### Requirement
Copy every line of the records exactly, without including the images.
BEGIN
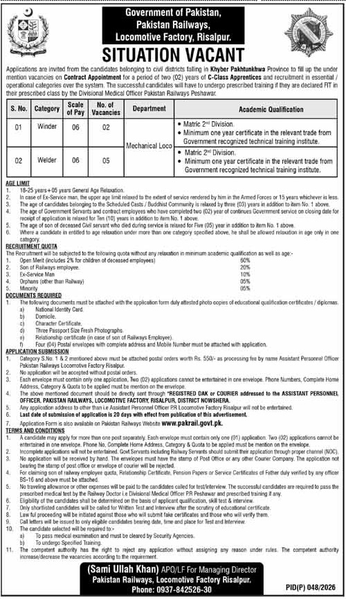 Pakistan Railways Jobs 2026 for Welders & Winders at Locomotive Factory Risalpur Job Ad shown on this page is taken from The News Newspaper on 27-03-2026
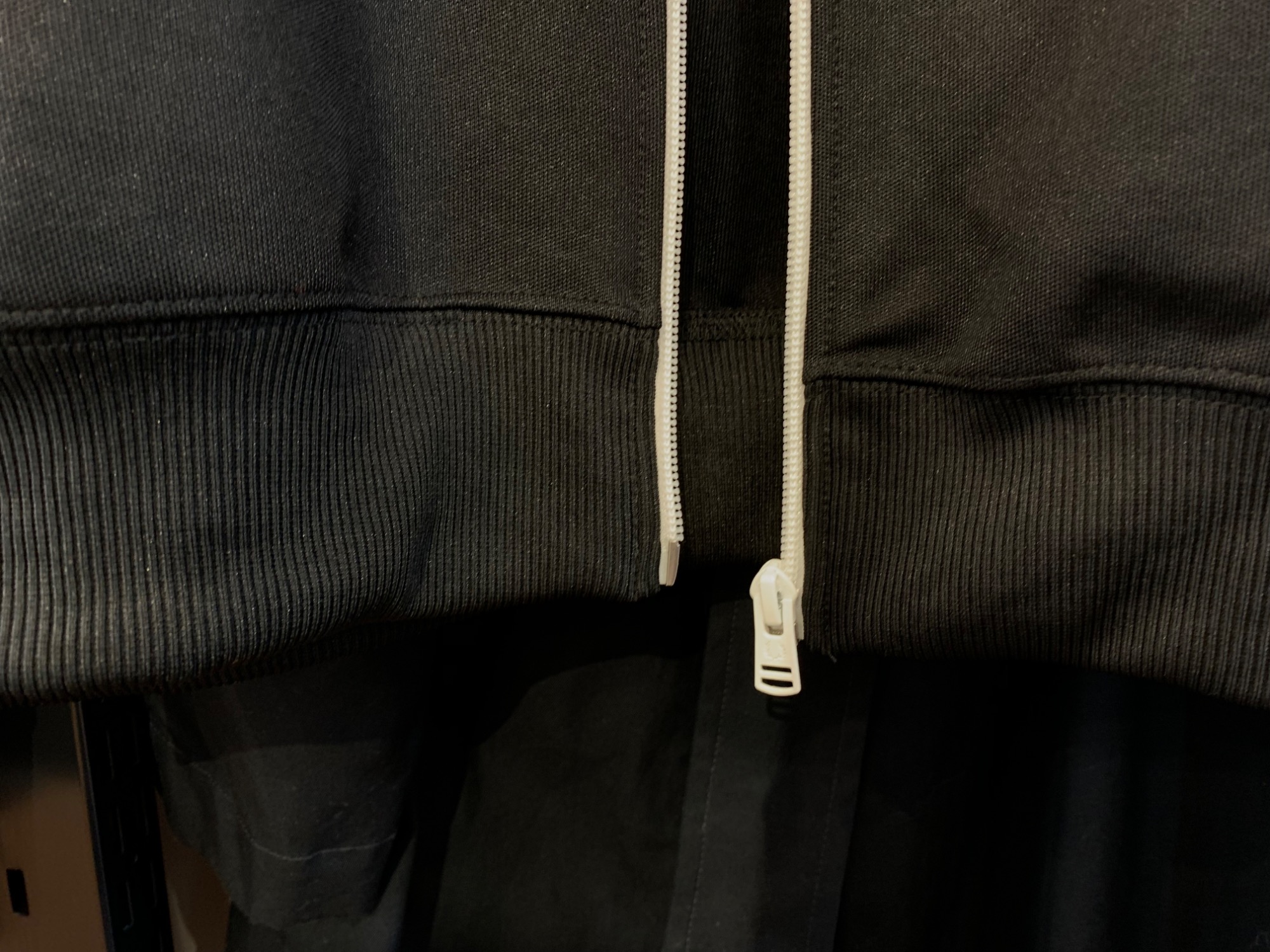 シンプルなブラックの色味に、ホワイトのジップと袖のローレルリステープが映えるデザインで、これからの季節にピッタリなアイテムです!
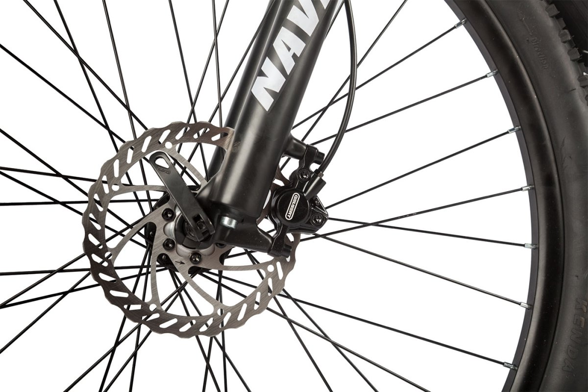Электровелосипед оснащен дисковыми механическими тормозами как спереди, так и сзади, что обеспечивает высокую эффективность торможения. Эта система значительно повышает уровень безопасности при движении, особенно на сложных маршрутах.
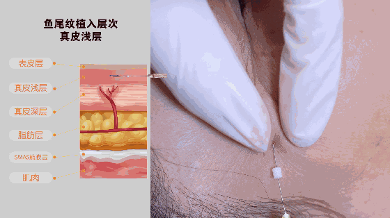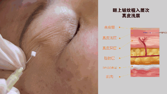 依次将线,植入眶下皱纹部位的真皮浅层:
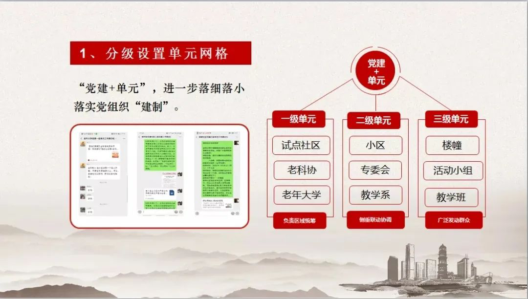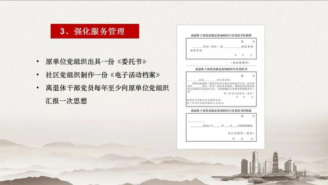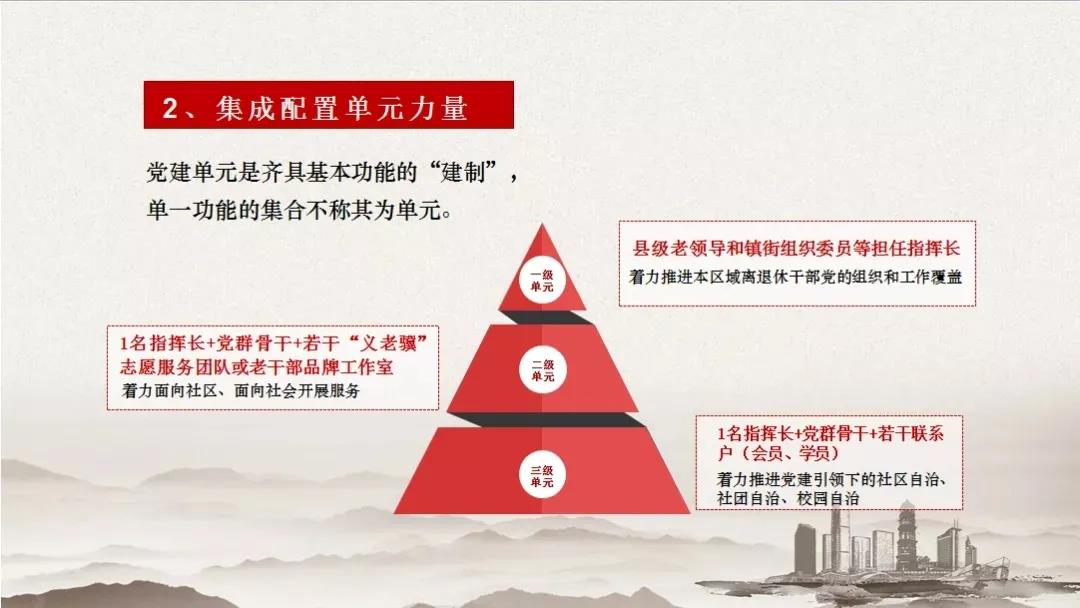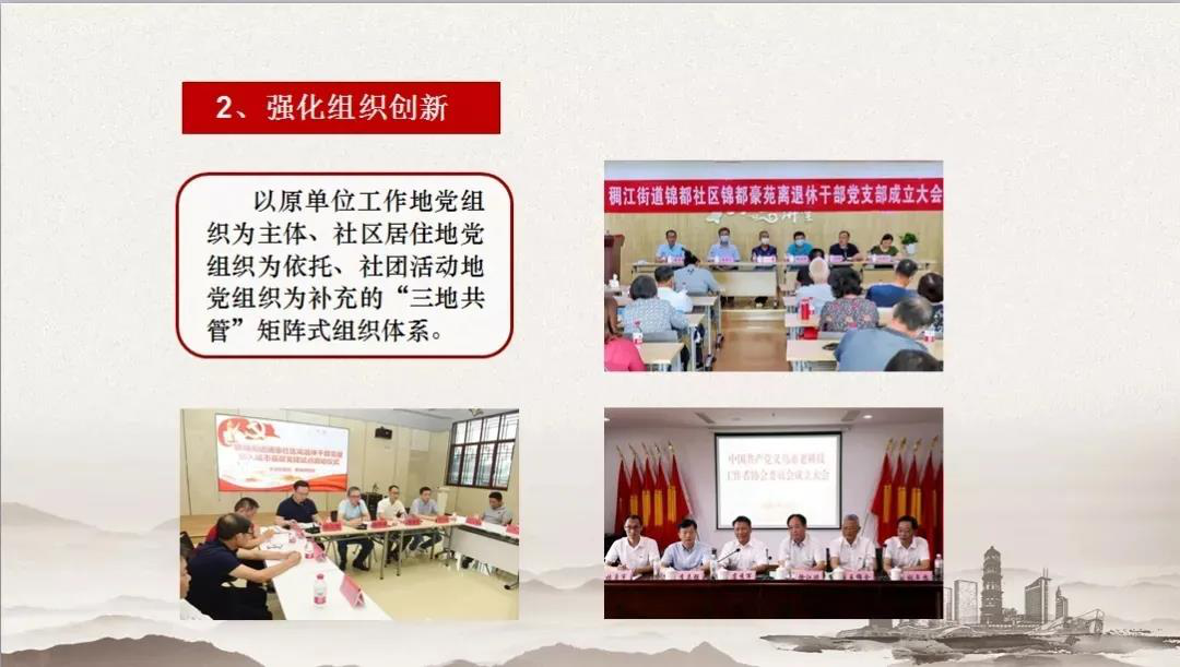 推进离退休干部党建融入城市基层党建,把原单位、涉老协会及社区各类离退休干部党组织联接整合起来,形成既区域“自转”、又互联“公转”的有机整体,把离退休干部的数量优势转化为助力基层治理的力量优势。
END
### Answer space
 Pakistan Railways Jobs 2026 for Welders & Winders at Locomotive Factory Risalpur Job Ad shown on this page is taken from The News Newspaper on 27-03-2026
 シンプルなブラックの色味に、ホワイトのジップと袖のローレルリステープが映えるデザインで、これからの季節にピッタリなアイテムです!
Электровелосипед оснащен дисковыми механическими тормозами как спереди, так и сзади, что обеспечивает высокую эффективность торможения. Эта система значительно повышает уровень безопасности при движении, особенно на сложных маршрутах.
 依次将线,植入眶下皱纹部位的真皮浅层:
 推进离退休干部党建融入城市基层党建,把原单位、涉老协会及社区各类离退休干部党组织联接整合起来,形成既区域“自转”、又互联“公转”的有机整体,把离退休干部的数量优势转化为助力基层治理的力量优势。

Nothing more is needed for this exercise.